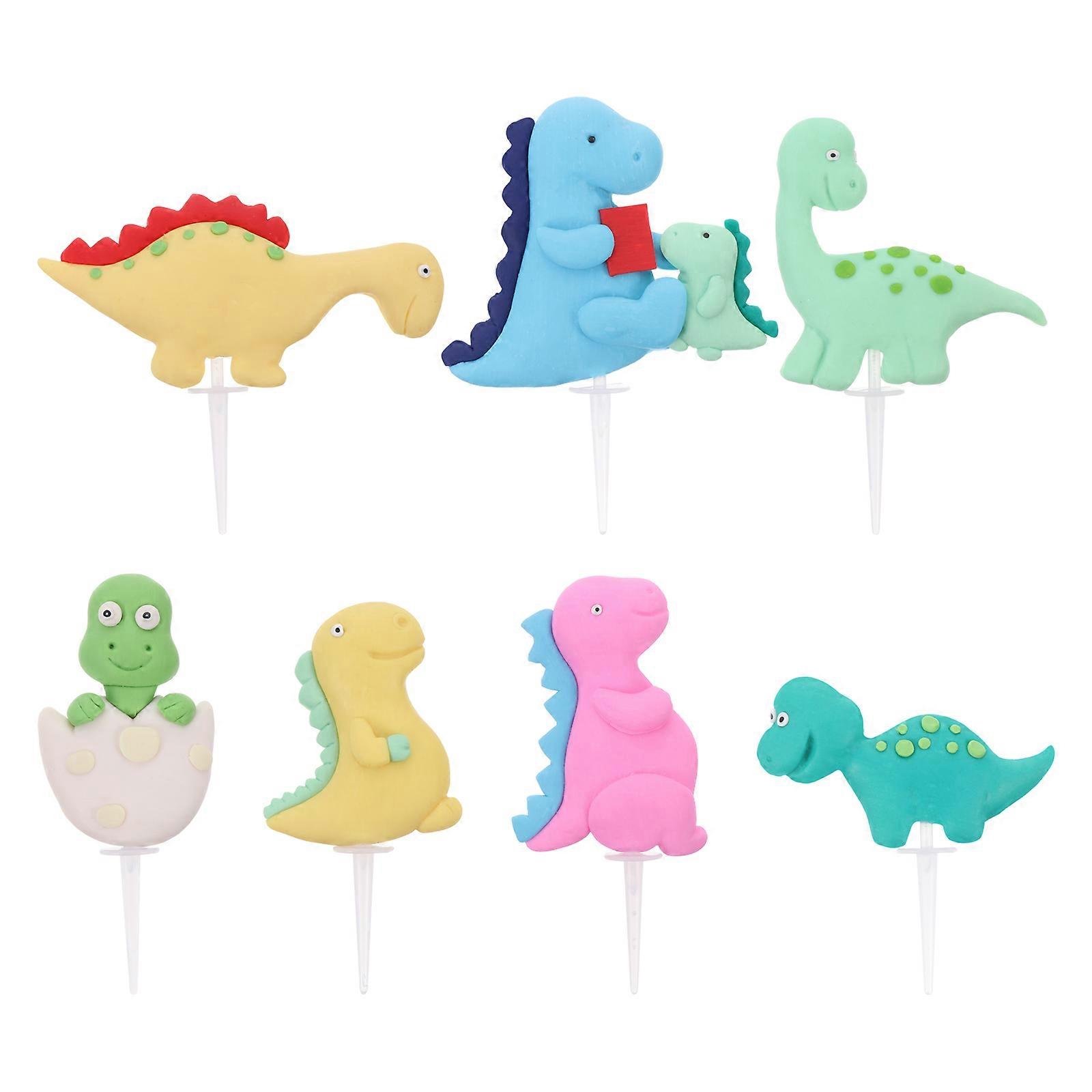 Dinosaur Cake Decorations in Assorted Color Made of Polymer Clay for Kids Party and Birthday Celebrations 7pcs
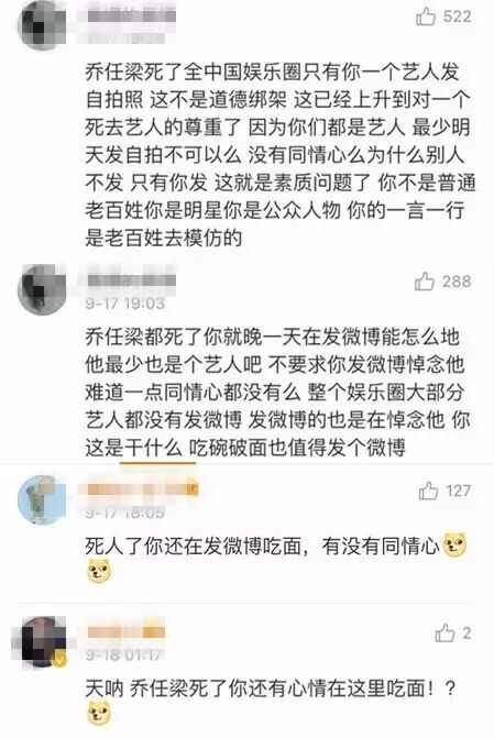 结果被网友们喷没有同情心,又吃面,又发自拍。网友们说这是对过世艺人的不尊重。
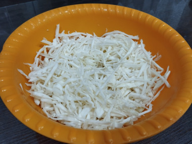 Снимите с капусты верхние уведшие и подпорченные листья, обмойте её и мелко нашинкуйте. Измельчённую капусту сложите в глубокую миску.
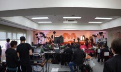 そして、音響・映像配信業者(プロ)により、たくさんの機材の搬入・設営が行われました。
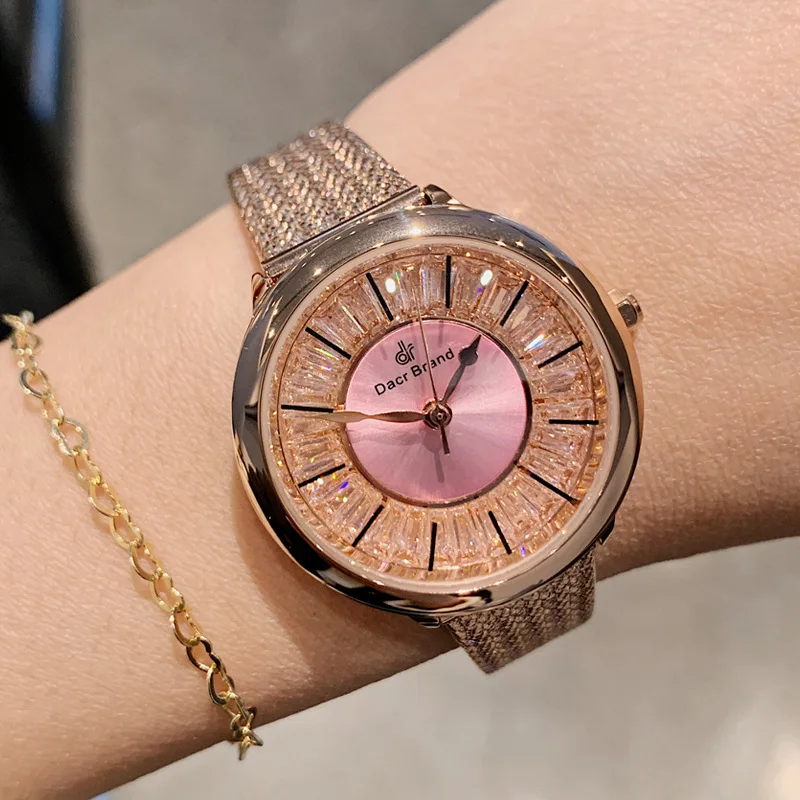 HOT Sale Dacr new popular fashion light luxury all Diamond Dial women's watch personality woven mesh belt wo
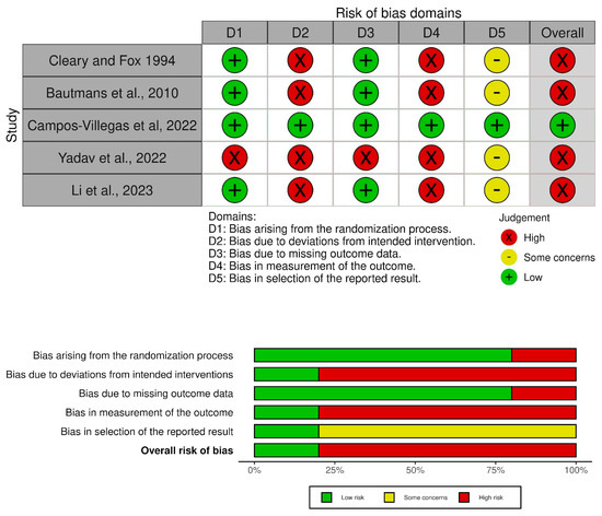 Risk-of-bias assessment of the included trials using the Cochrane Risk of Bias 2 for randomized controlled trials [57,58,59,60,61].

========================================

Your answer should hold only the lines from the line with "HOT Sale Dacr" through the closing line of the records, restated exactly and free of pictures.

 HOT Sale Dacr new popular fashion light luxury all Diamond Dial women's watch personality woven mesh belt wo
 Risk-of-bias assessment of the included trials using the Cochrane Risk of Bias 2 for randomized controlled trials [57,58,59,60,61].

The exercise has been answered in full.